An meiner Schule werden im Deutschunterricht der 10. Klasse Goethes „Faust“ und Patrick Süskinds „Das Parfum“ gelesen. Viele meiner Mitschülerinnen und Mitschüler kritisieren, dass ihnen zum einen der Bezug zu den Themen und vor allem das nötige Hintergrundwissen fehlt, um gerade ältere Werke verstehen und einordnen zu können. Ist es überhaupt noch zeitgemäß, diese oder ähnliche Werke weiterhin im Deutschunterricht zu lesen?
Darüber kann man streiten. Ich unterhalte mich oft mit anderen Erwachsenen darüber, wie sinnvoll das ist,
und höre häufig das Argument, dass jemand, der nicht viel und gern liest, sonst niemals dazu kommen
würde, zum Beispiel Goethe zu lesen. Es gehört aber einfach zu einer guten Bildung dazu, dass man
bestimmte Klassiker einmal gelesen oder diskutiert hat. Da ist wahrscheinlich auch etwas Wahres dran. Auf der anderen Seite habe ich während meines Literaturwissenschaftsstudiums – als ich viele der Klassiker aus der Schulzeit noch einmal gelesen habe – festgestellt, dass ich erst ab dem Studienalter die nötige Reife und minimale Lebenserfahrung hatte, um diese Werke in Gänze begreifen zu können. Deshalb frage ich mich, ob man im Jugendalter wirklich schon so weit ist und mit diesen Büchern etwas anfangen kann. Gleichzeitig verstehe ich das Argument, dass sich sonst eine Tür schließt und wir dann vielleicht in einer Gesellschaft leben, in der die Mehrheit der Menschen niemals etwas von Goethe gelesen hat. Das fände ich auch irgendwie befremdlich. Aber ich habe keine endgültige Antwort auf diese Frage.
Was denken Sie, inwiefern spielt dabei die noch recht weit verbreitete Annahme, Jugendromane
seien keine „richtige Literatur“, eine Rolle?

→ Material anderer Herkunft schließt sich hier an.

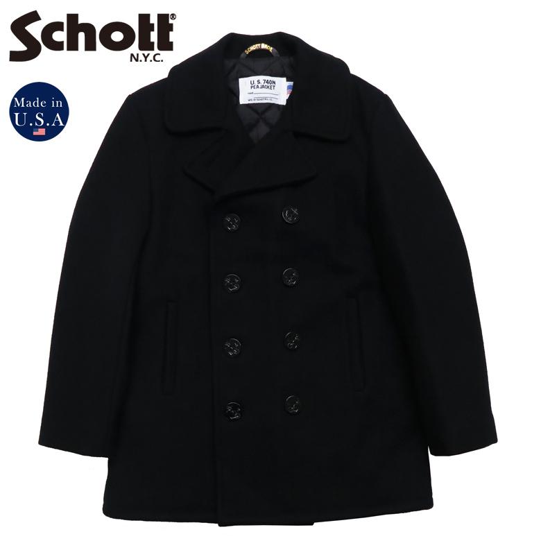 - メンズ > ジャケット・アウター > 【値下げしました】Schott 黒 ウール ピーコート Schott N.Y.C(ショット) Schott ピーコート 740US 24oz ウール

Das ist ein ganz großes Thema bei der Frage, was als Schullektüre ausgewählt wird. In den letzten Jahren
hat sich das zwar zum Glück schon etwas geändert, aber ich kann mich erinnern, dass es zu meiner
Schulzeit noch undenkbar gewesen wäre, einen Jugendroman im Deutschunterricht zu lesen. Gerade im
Gymnasium waren Jugendromane als Klassenlektüre ein absolutes No-Go. Es war klar: Jugendliteratur ist
keine richtige Literatur – sie ist irgendwie zu simpel, zu schlicht, zu einfach. Das hat sich heute zum Glück
geändert. Man hat zum einen erkannt, dass Jugendliteratur sehr anspruchsvoll sein kann, und zum anderen durch die Nähe zu den Schülerinnen und Schülern auch die Chance hat, zumindest von einigen gelesen zu werden. Tatsächlich wäre es zum Beispiel spannend, einen Preis speziell für Schullektüre zu initiieren. Das fände ich sehr interessant, denn soweit ich weiß, gibt es bisher kein Portal dafür. Vielleicht auf den sozialen Medien, fällt mir gerade ein. Auf Instagram gibt es einige Lehrkräfte, die Inhalte speziell zum Thema Schullektüre posten. Benni Cullen ist zum Beispiel einer der Bekanntesten, der die Bücher nicht nur vorstellt, sondern auch Unterrichtskonzepte dazu präsentiert. Er ist selber Lehrer, weiß also, wovon er spricht, und begeistert damit andere LeserInnen.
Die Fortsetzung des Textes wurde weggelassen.